WHAT YOU WILL DO ▸ Please repeat exactly the lines from the one containing "FUN AND CREATIVE" through the last line of the records below, leaving out any pictures.

DATA TO PROCESS ▸
##############################

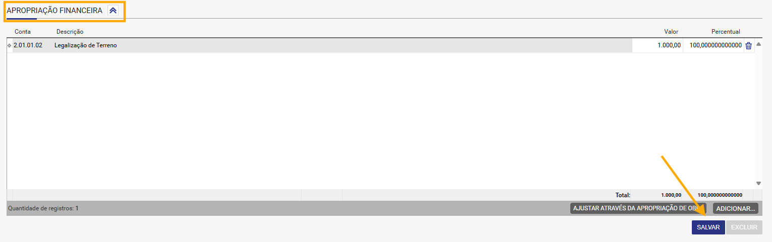 5. Determine em qual Conta Financeira será apropriada a despesa deste lançamento.
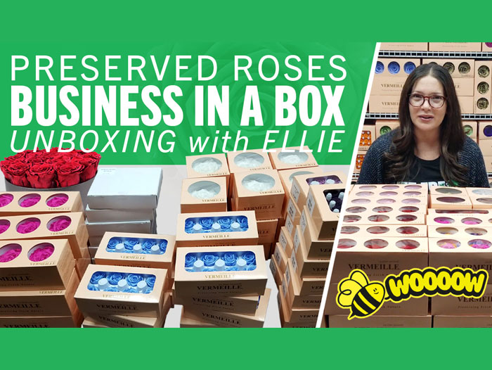Interested in preserved roses, but you’re not sure where or how to begin? Jet Fresh Flower Distributors has an exciting new starter kit for those looking to get into in the preserved rose business. Presenting “Business in a Box” by Vermeille Presh, this exclusive program is available only from Jet Fresh Flowers in Miami, and features a great selection of preserved roses to serve your various wholesale flower needs.
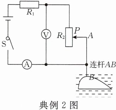 典例 2 [2024·台州三模]如图所示是某项目化小组设计的监测河水流速变化的装置原理图。机翼状的探头始终浸没在水中,通过连杆带动滑动变阻器的滑片 P 上下移动,电源电压保持不变,随着水流速度的增大,下列说法正确的是( )
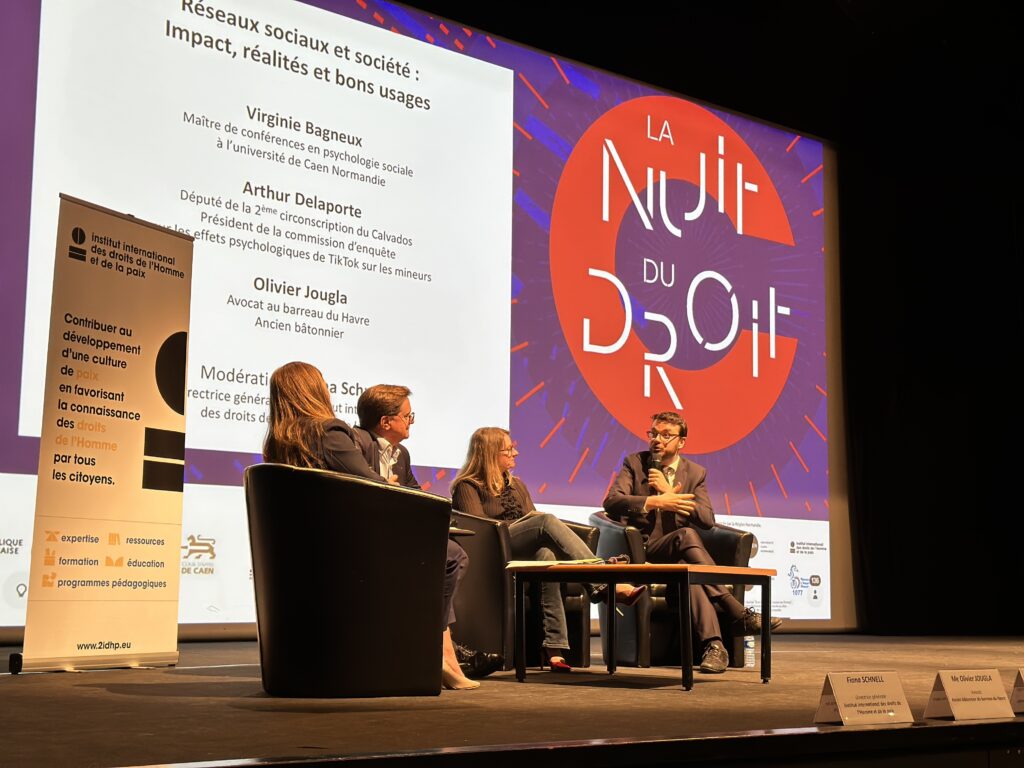 Au cours d’une seconde table ronde, M. Arthur Delaporte, député de la 2ème circonscription du Calvados, Mme Virginie Bagneux, maître de conférences en psychologie sociale à l’université de Caen Normandie et Me. Olivier Jougla, avocat et ancien Bâtonnier du barreau du Havre ont pu disserter, avec l’éclairage notable des résultats de la commission d’enquête parlementaire menée par le premier, centrée sur la plateforme TikTok. Un débat passionnant qui a permis de pointer les dommages psychosociaux pouvant être engendrés par ces réseaux (addiction, impact des fake news, enfermement social…). Tout en essayant de mettre en lumière les bonnes pratiques, nos trois intervenants ont également souligné l’enjeu et la difficulté de forcer les géants du numérique à se plier aux cadre légal et à agir de manière plus éthique sur ces questions.
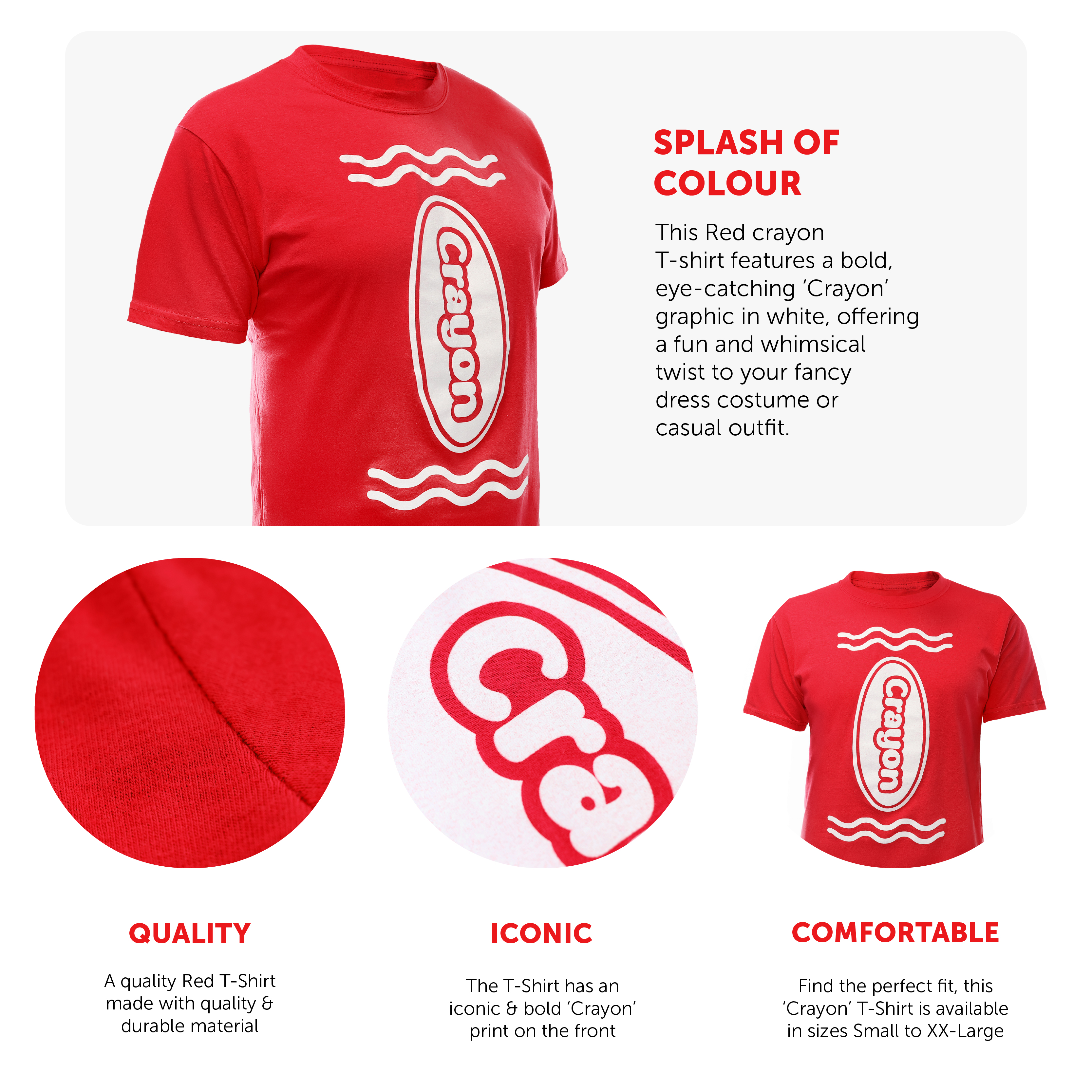 FUN AND CREATIVE DESIGN: This Red crayon T-shirt features a bold, eye-catching "Crayon" graphic in white, offering a fun and whimsical twist to your fancy dress costume or casual outfit.
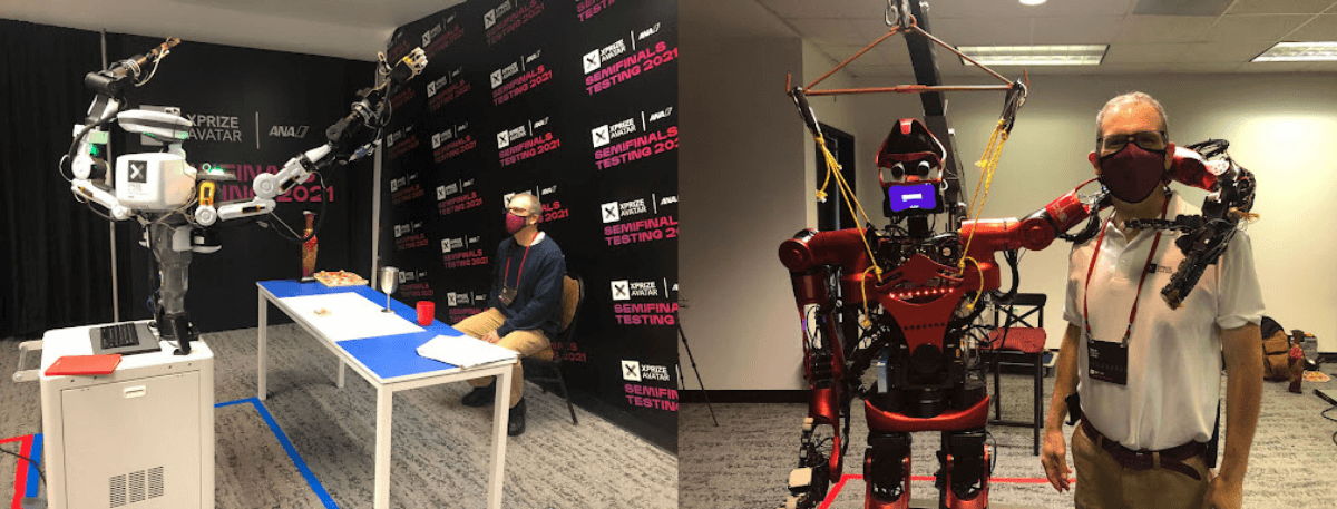 Images: Judge Bill Borgia with two of the many Avatar forms at the ANA Avatar XPRIZE Semifinals. Left: Team Touchlab. Right: Team SNU.

##############################

SOLUTION FOR THIS TASK ▸
 FUN AND CREATIVE DESIGN: This Red crayon T-shirt features a bold, eye-catching "Crayon" graphic in white, offering a fun and whimsical twist to your fancy dress costume or casual outfit.
 Images: Judge Bill Borgia with two of the many Avatar forms at the ANA Avatar XPRIZE Semifinals. Left: Team Touchlab. Right: Team SNU.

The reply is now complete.